Немного обиженный, я пробормотал, что чистописания у нас уже давно нет.

- Ах, простите! Конечно, нет... Но пишете вы все-таки прекрасно, сказал он, вновь раскрывая мою тетрадку.

- Вы сами прочтете стихи или мне вам прочесть? - нерешительно спросил я, видя, как рассеянно перебрасывает он страницы.

- Нет, зачем же?.. - сказал студент, позевывая. - Кто же это с самого утра - да еще натощак - стихи читает? Стихи приятно декламировать вечером и, разумеется, в обществе женщин. Не так ли?

И он с размаху бросил мою бедную тетрадку в раскрытый чемодан, где лежали носки, платки, крахмальные воротнички и сорочки.

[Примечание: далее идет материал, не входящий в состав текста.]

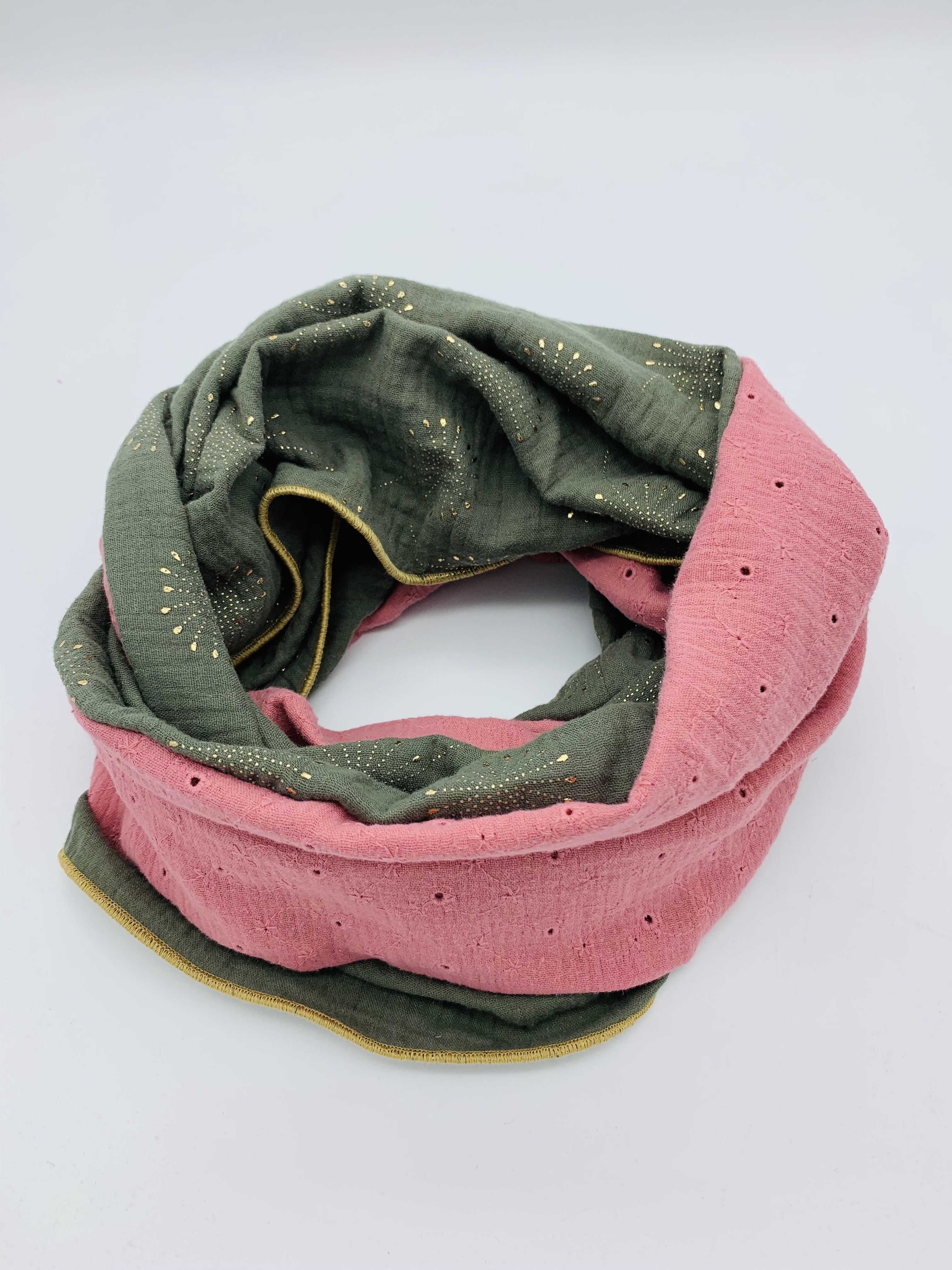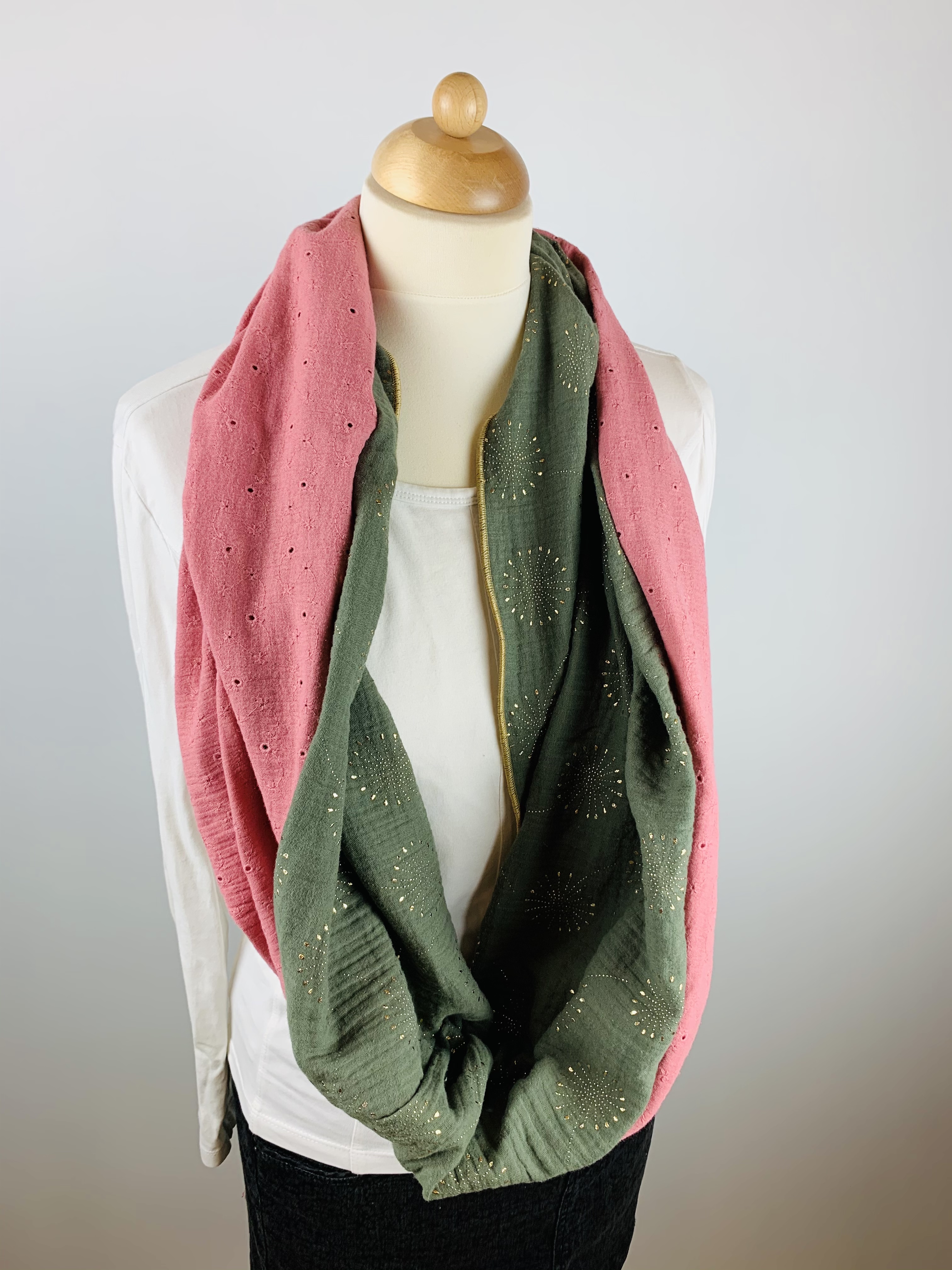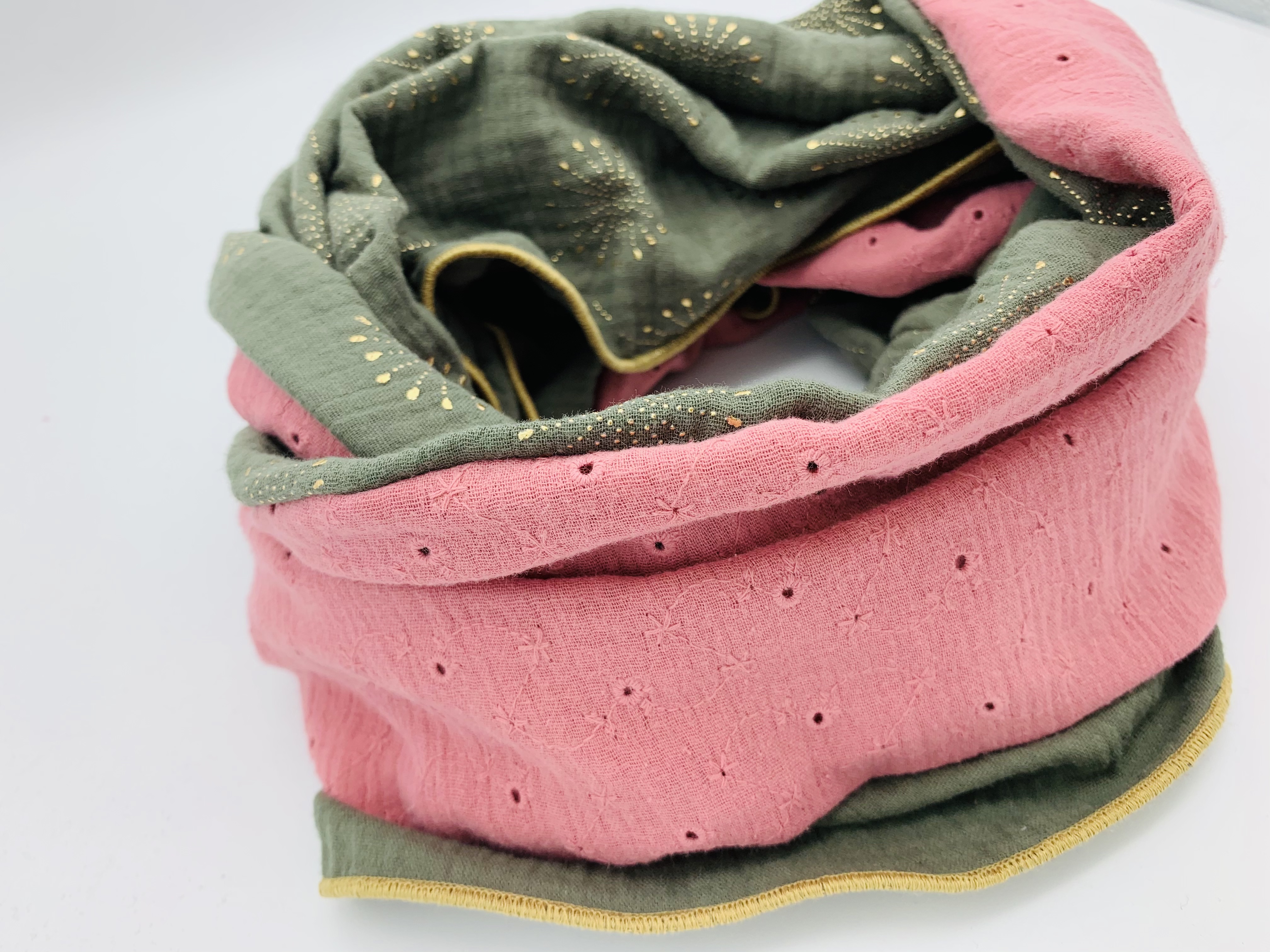 Hochwertiger, doppelt gewebter Schlauchschal aus 100 % Baumwollmusselin in khaki mit goldenen Pusteblumen und altrosaLochstickerei.

В это время дверь отворилась, и в номер, скользя на мягких подошвах и поигрывая подносом с графинчиком и тарелками, вбежал половой.

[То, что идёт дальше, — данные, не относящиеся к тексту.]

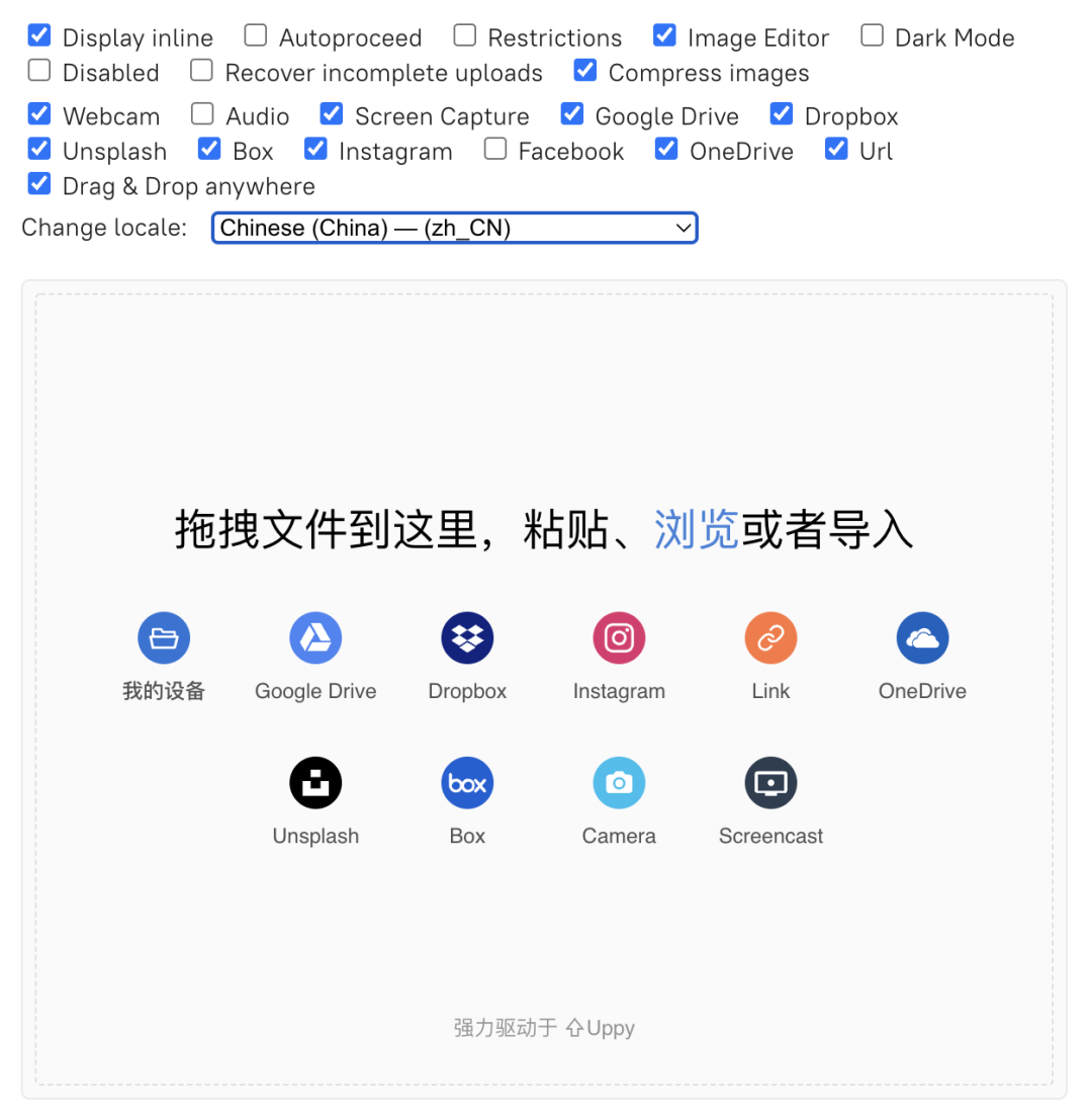 Uppload 是一个更好的 JavaScript 图片上传器。它具有 30 多个插件的高度可定制性,完全免费和开源,并且可以与任何文件上传后端一起使用。
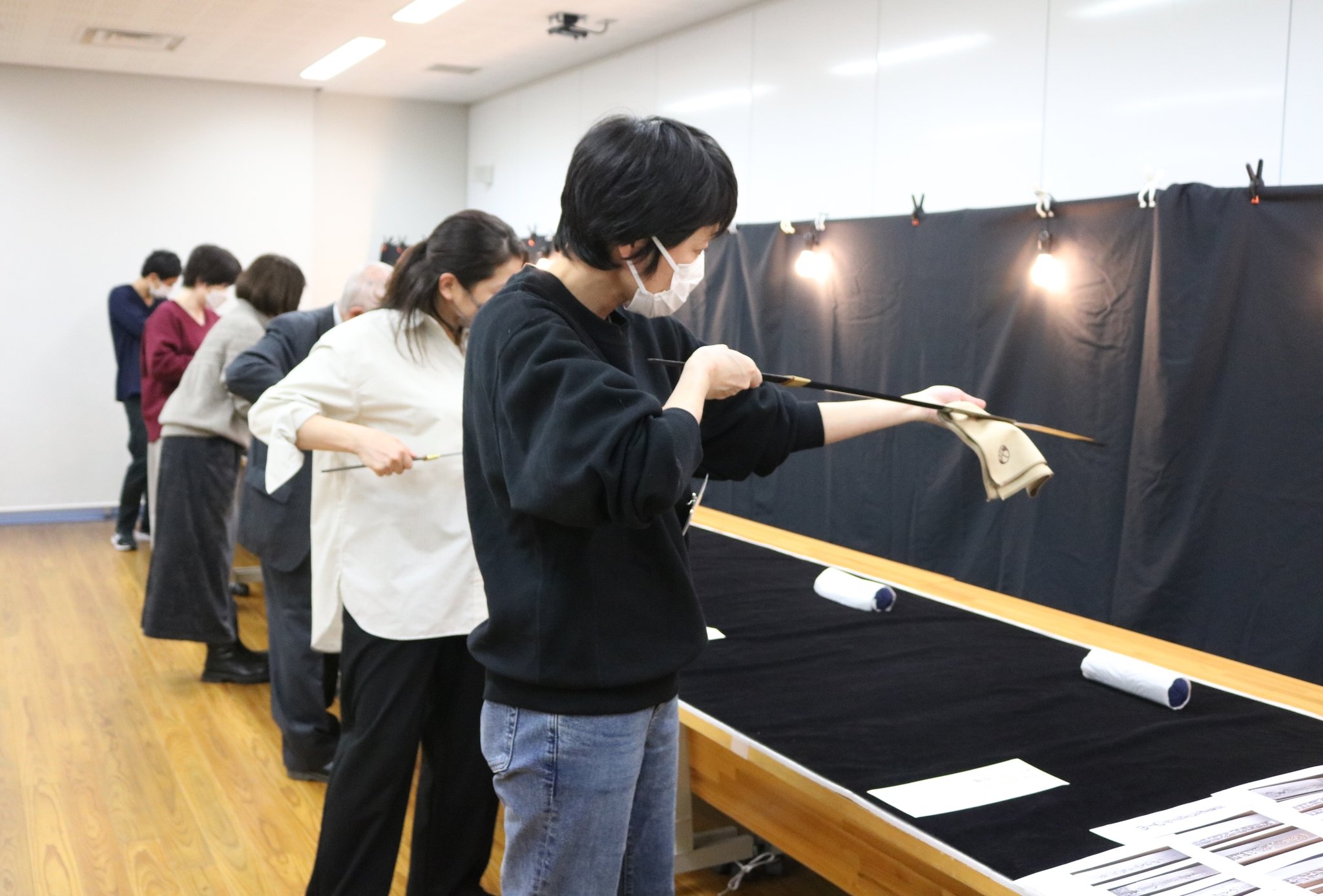 鑑賞会で刀を眺める富山刀剣研究会の会員ら=2025年11月、高志の国文学館
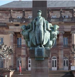 Obélisque en grès avec un bronze du général Leclerc entouré de personnages ailés angéliques sur la place Broglie, à Strasbourg
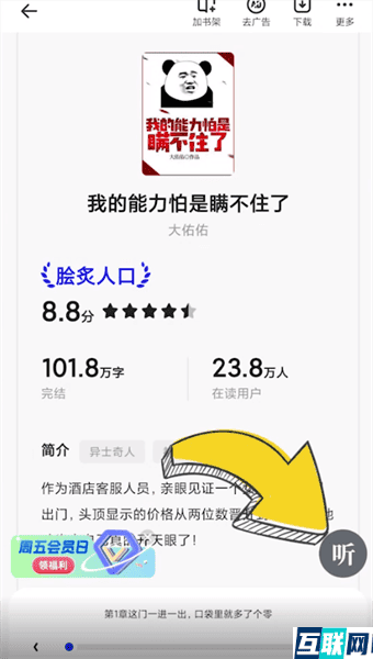 2. 点击小说进入,点击页面中间位置,点击【听】,

- Что ж, закусим? - спросил студент, разворачивая салфетку. Присаживайтесь, поэт!

- Спасибо, не хочу, - сказал я сдавленным голосом и, неловко поклонившись, вышел в коридор.

Я уже ясно понимал, что стихи мои не увидят ни "Мира божьего", ни "Русского богатства"... Но взять их обратно у меня не хватило храбрости.

 

"Первые попытки"

 

Если бы судьба случайно не свела меня с этим столичным студентом, мне бы и в голову не пришла мысль послать свою рукопись в редакцию какого-нибудь журнала.

Насколько я себя помню, пристрастие к стихам появилось у меня с самого раннего возраста. В сущности, "писать стихи" я начал задолго до того, как научился писать. Я сочинял двустишия, а иногда и четверостишия устно, про себя, но скоро забывал придуманные на лету строчки. Постепенно от этого "устного творчества" я перешел к письменному.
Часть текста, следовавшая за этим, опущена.